The dolls’ house was exactly as Tottie had described it, but . . .
‘Oh dear!’ said Mr Plantaganet, and if the corners of his mouth had been made to turn down, they would have turned down.
‘Oh dear! Oh dear! O-oh dear!’
On the dolls’ house, and in it, were years and years of dust and grime and cobwebs and mold and rust. The children and the Plantaganets looked at the tattered chair and sofa covers, at the torn old curtains, at the sea-shells fallen off the picture frames, at the remains of the butler. The blue tin stove was rusty and so was the bath, the mangle was stuck, some of the kitchen chairs were broken and the nicked-round blankets were grey with mildew. ‘Oh dear! Oh dear!’ said Mr Plantaganet.
‘Stop staying “Oh dear!”’ said Tottie sharply.
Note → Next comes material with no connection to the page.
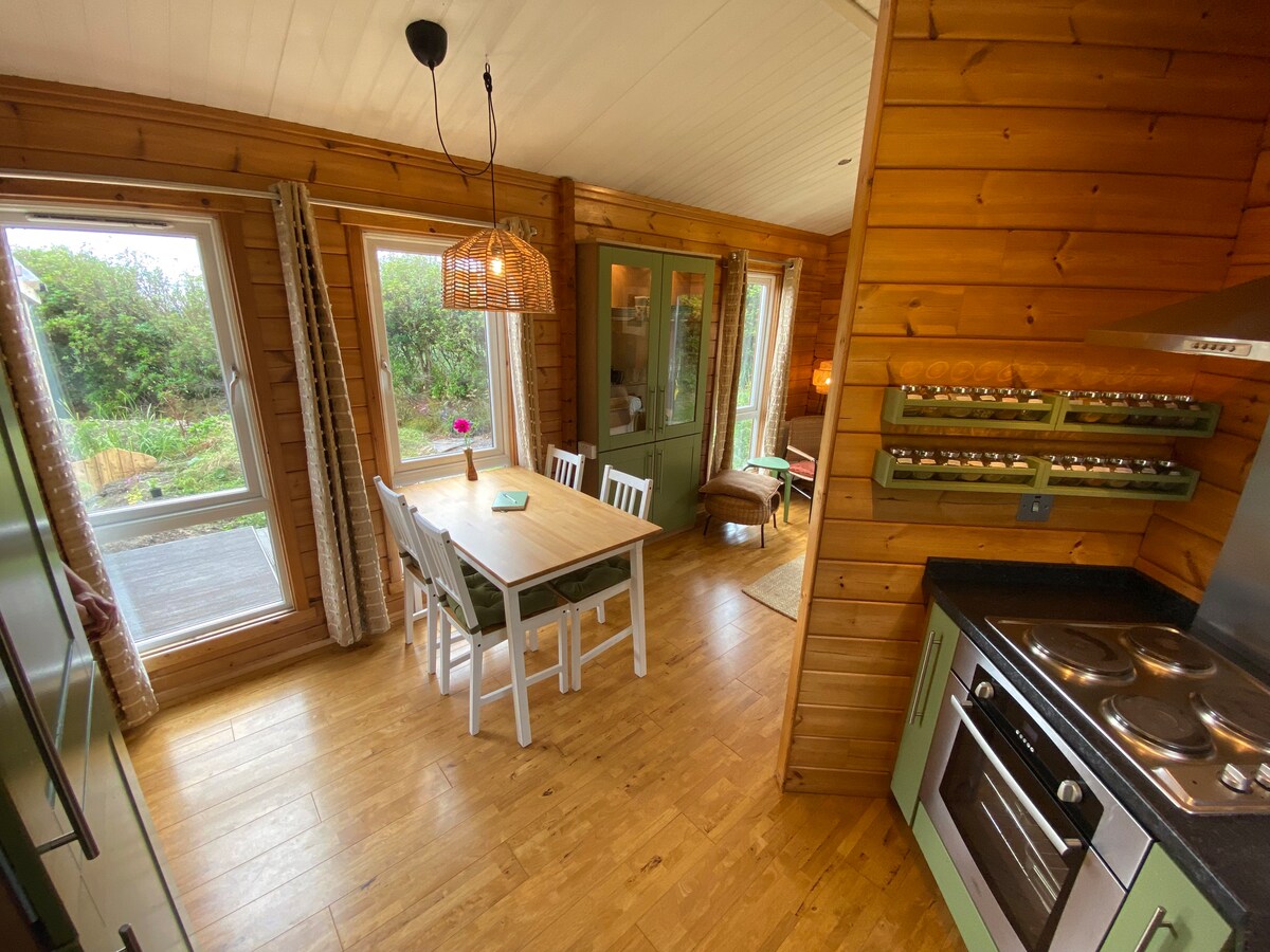 Breakfast basket included. The cosy cabin features one double and one single bedroom, seperate fully equipped kitchen with Nespresso coffee machine, lounge with sofa, Smart TV with HDMI, Fibre broadband, gas stove and dining table, bathroom with hand basin, toilet and shower. The cabin has double glazed windows with central heating, patio doors opening to south facing veranda with patio furniture and private car park. Quiet surrondings with views of the mountains. Very functional and homely.

‘But what shall we do? What can we do?’
‘We can wish,’ said Tottie still sharply because, truth to tell, she was feeling worried and anxious herself. Could the children, would the children, be able to put it in order? That was the question
in Tottie’s mind.
‘It’s dusty. It’s dirty. It’s horrible!’ cried little Apple.
‘Is it?’ asked Birdie anxiously. She could not herself see anything more than the birdcage and the bird. They were so wonderful to Birdie that she could not see anything else, and, being two things of the same kind, she did not feel the thoughts of them knocking together in her head.
‘Is it dusty and dirty, Tottie?’ asked Birdie.
‘Wish! Wish! Wish!’ said Tottie, and every knot and grain of her seemed to harden. She came from a tree.
‘What shall we do? What can we?’ said Mr Plantaganet.
‘Don’t bleat. Wish,’ said Tottie hardly, and her hard voice made the word sound so hard and firm that even Mr Plantaganet took heart and they all began to wish. ‘Wish that Emily and Charlotte can put our house in order and make it good again. Go on, all of you. Wish. Wish. Wish,’ said Tottie.
At that moment, among the Plantaganets appeared hands, Emily and Charlotte’s hands, lifting them on to the mantelpiece out of the way where they could see. Then those same hands began to strip the dolls’ house.
‘What did I tell you?’ said Tottie.
‘But – they are not making it, they are taking it all away.’
‘Taking it all to pieces.’
‘Taking it all away.’
‘Wait and see,’ said Tottie. ‘Wait and see.’
Emily and Charlotte and their mother took everything out of the dolls’ house; they took the carpets up from their tintacks and with the carpets came layers of dust. They did not look like carpets but pieces of crinkled old grey flannel. Birdie hid her face in her hands. ‘I wanted the pink one and there isn’t a pink one,’ she said.
‘Wait and see. Wait and see,’ said Tottie.